Problem -
In your copy, leave out the pictures; write out all the data exactly.

━━━━━ Input data

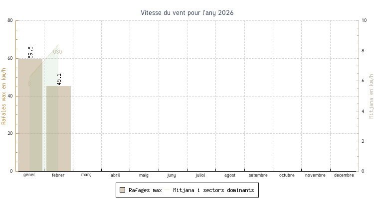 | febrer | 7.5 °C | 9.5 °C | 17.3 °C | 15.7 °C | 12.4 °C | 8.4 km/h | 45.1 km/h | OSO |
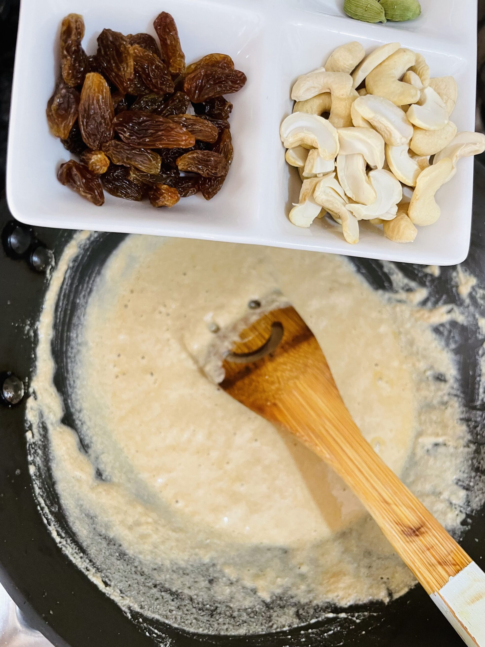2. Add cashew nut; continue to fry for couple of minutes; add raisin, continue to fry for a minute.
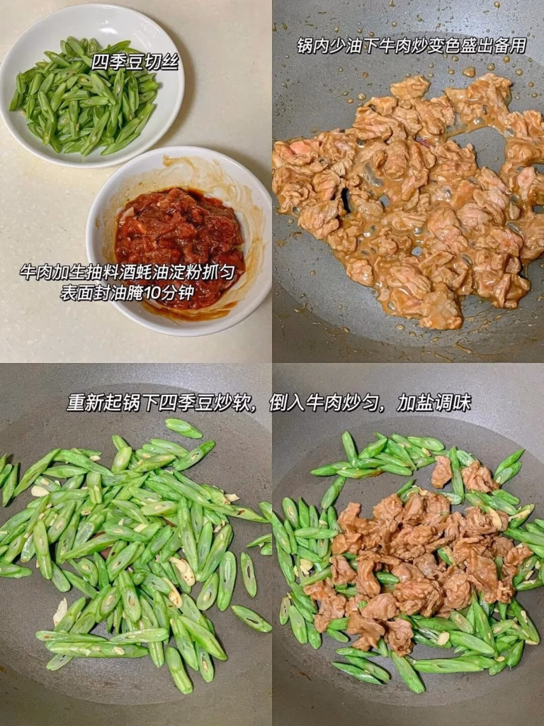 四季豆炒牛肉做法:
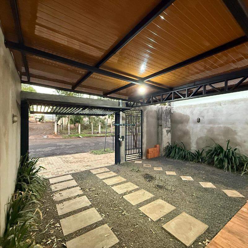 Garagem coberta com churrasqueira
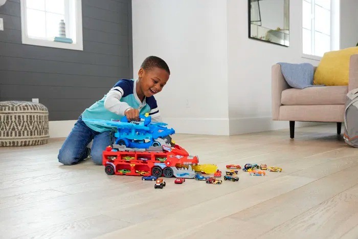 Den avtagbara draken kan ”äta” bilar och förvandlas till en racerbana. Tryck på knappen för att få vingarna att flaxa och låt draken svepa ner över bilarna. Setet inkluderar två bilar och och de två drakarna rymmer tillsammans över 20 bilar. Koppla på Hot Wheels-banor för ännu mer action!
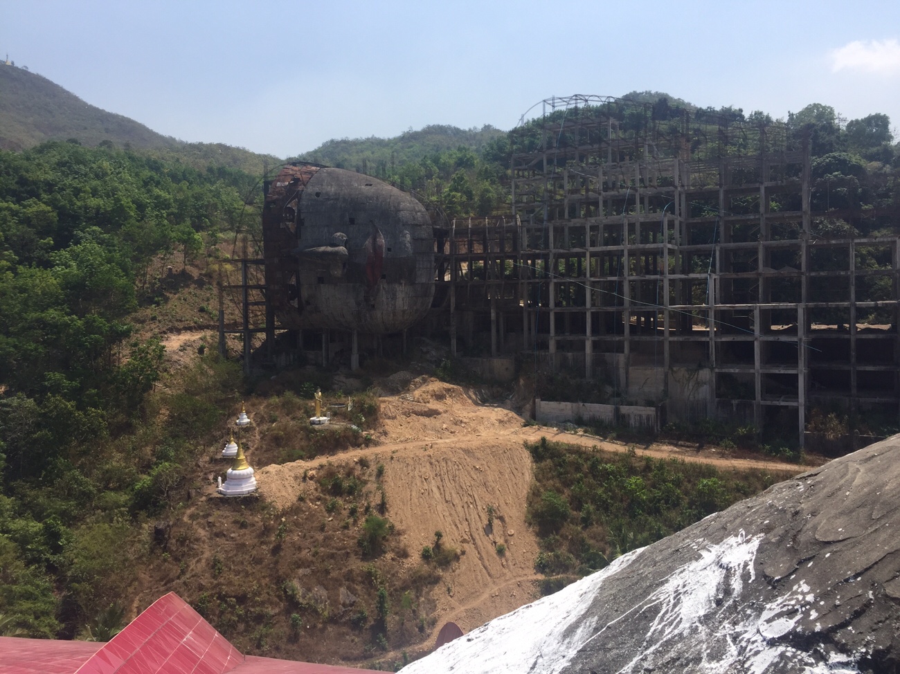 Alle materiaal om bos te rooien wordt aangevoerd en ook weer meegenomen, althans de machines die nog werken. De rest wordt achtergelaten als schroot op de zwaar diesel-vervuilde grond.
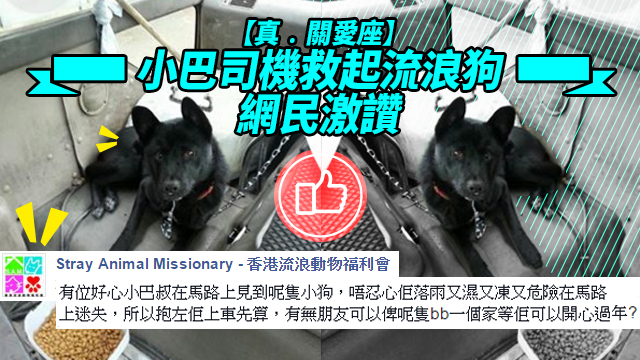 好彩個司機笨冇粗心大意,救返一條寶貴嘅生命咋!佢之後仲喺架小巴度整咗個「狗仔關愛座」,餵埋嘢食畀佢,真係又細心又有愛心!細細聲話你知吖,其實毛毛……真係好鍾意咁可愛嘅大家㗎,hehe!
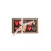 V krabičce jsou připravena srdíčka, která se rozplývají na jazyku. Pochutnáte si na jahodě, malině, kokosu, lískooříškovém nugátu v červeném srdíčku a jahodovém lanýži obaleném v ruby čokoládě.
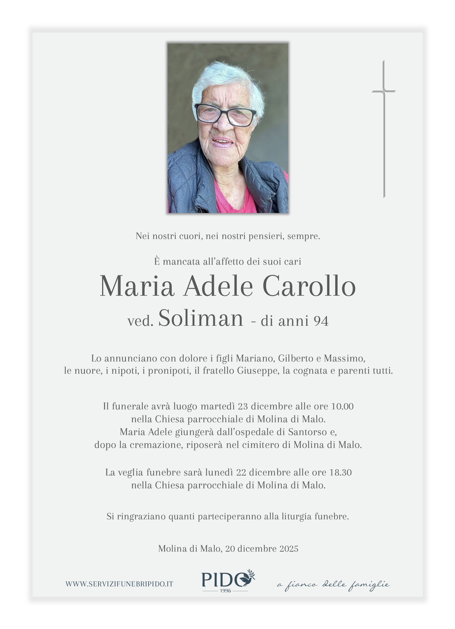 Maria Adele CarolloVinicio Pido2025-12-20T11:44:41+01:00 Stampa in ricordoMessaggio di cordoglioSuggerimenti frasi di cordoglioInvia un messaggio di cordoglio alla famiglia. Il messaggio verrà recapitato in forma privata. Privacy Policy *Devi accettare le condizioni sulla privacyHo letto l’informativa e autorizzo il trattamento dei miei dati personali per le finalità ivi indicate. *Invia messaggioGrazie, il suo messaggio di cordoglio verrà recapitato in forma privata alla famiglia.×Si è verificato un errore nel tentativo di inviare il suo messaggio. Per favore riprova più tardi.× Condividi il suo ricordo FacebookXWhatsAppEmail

━━━━━━━━━━

The completed task -
 | febrer | 7.5 °C | 9.5 °C | 17.3 °C | 15.7 °C | 12.4 °C | 8.4 km/h | 45.1 km/h | OSO |
2. Add cashew nut; continue to fry for couple of minutes; add raisin, continue to fry for a minute.
 四季豆炒牛肉做法:
 Garagem coberta com churrasqueira
 Den avtagbara draken kan ”äta” bilar och förvandlas till en racerbana. Tryck på knappen för att få vingarna att flaxa och låt draken svepa ner över bilarna. Setet inkluderar två bilar och och de två drakarna rymmer tillsammans över 20 bilar. Koppla på Hot Wheels-banor för ännu mer action!
 Alle materiaal om bos te rooien wordt aangevoerd en ook weer meegenomen, althans de machines die nog werken. De rest wordt achtergelaten als schroot op de zwaar diesel-vervuilde grond.
 好彩個司機笨冇粗心大意,救返一條寶貴嘅生命咋!佢之後仲喺架小巴度整咗個「狗仔關愛座」,餵埋嘢食畀佢,真係又細心又有愛心!細細聲話你知吖,其實毛毛……真係好鍾意咁可愛嘅大家㗎,hehe!
 V krabičce jsou připravena srdíčka, která se rozplývají na jazyku. Pochutnáte si na jahodě, malině, kokosu, lískooříškovém nugátu v červeném srdíčku a jahodovém lanýži obaleném v ruby čokoládě.
 Maria Adele CarolloVinicio Pido2025-12-20T11:44:41+01:00 Stampa in ricordoMessaggio di cordoglioSuggerimenti frasi di cordoglioInvia un messaggio di cordoglio alla famiglia. Il messaggio verrà recapitato in forma privata. Privacy Policy *Devi accettare le condizioni sulla privacyHo letto l’informativa e autorizzo il trattamento dei miei dati personali per le finalità ivi indicate. *Invia messaggioGrazie, il suo messaggio di cordoglio verrà recapitato in forma privata alla famiglia.×Si è verificato un errore nel tentativo di inviare il suo messaggio. Per favore riprova più tardi.× Condividi il suo ricordo FacebookXWhatsAppEmail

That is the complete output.